What language have both GC and deterministic destructors, and how does it works? I'd guess it couldn't be tracing GC (because the GC runs whenever it wants, so you don't have determinism, or at least that's my understanding). Or maybe it's something like RAII for non-memory resources (with a destructor that doesn't free memory), and a GC for memory management?

  • Mesa/Cedar, Modula-3, Active Oberon, D, Nim, for example, not to make an exhaustive list. C# also does provide some mechanisms to dive into it, since version 7, although not as easy.

    Basically you can use GC heap as usual, or native heap with untraced references, stack or global memory segments.

    Value types with constructors/destructors pairs are also supported.

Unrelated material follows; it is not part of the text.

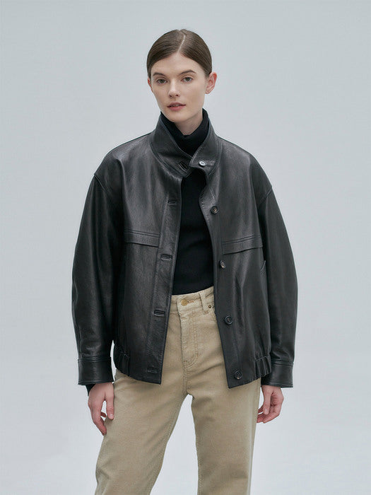 NILBY P 21 FN Leather Blouson Jacket Black #
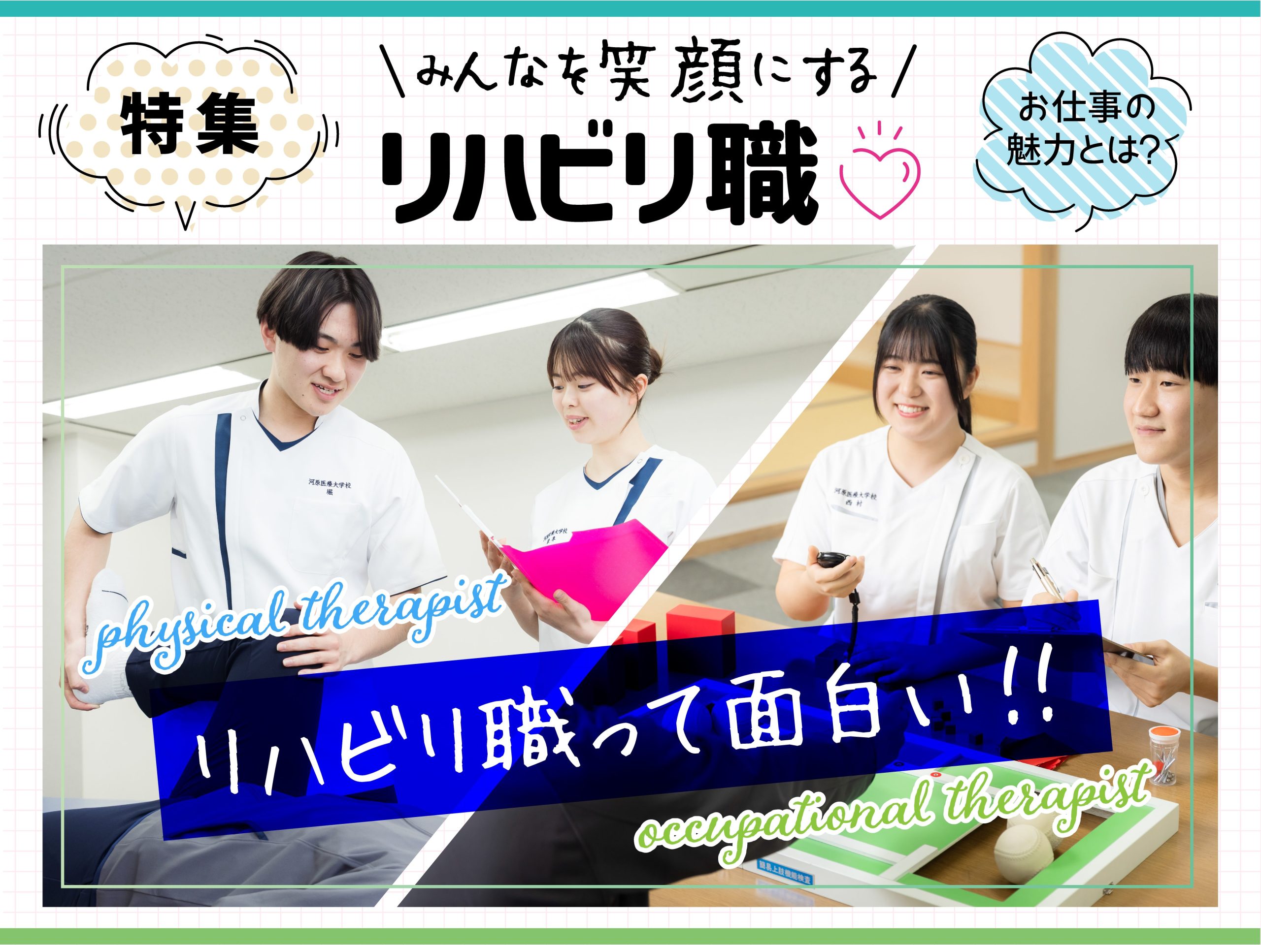 河原医療大学校で一緒に理学療法士・作業療法士を目指しましょう💛

    So you have all the building blocks to do C++ style RAII when needed, otherwise relax and enjoy the GC.

This article was mainly about memory safety approaches (GC, RC, borrow checking, etc) and their effects on development velocity. It wasn't trying to compare all languages along all dimensions. That would be quite a long article!

Anyway, I think you're referring to `defer`? Though perhaps you're referring to something else, as defer also appears in non-GC'd languages as well so it didn't seem like a very relevant factor in this specific comparison. I do agree that defer (and try-with-resources) can be stellar tools for GC'd languages.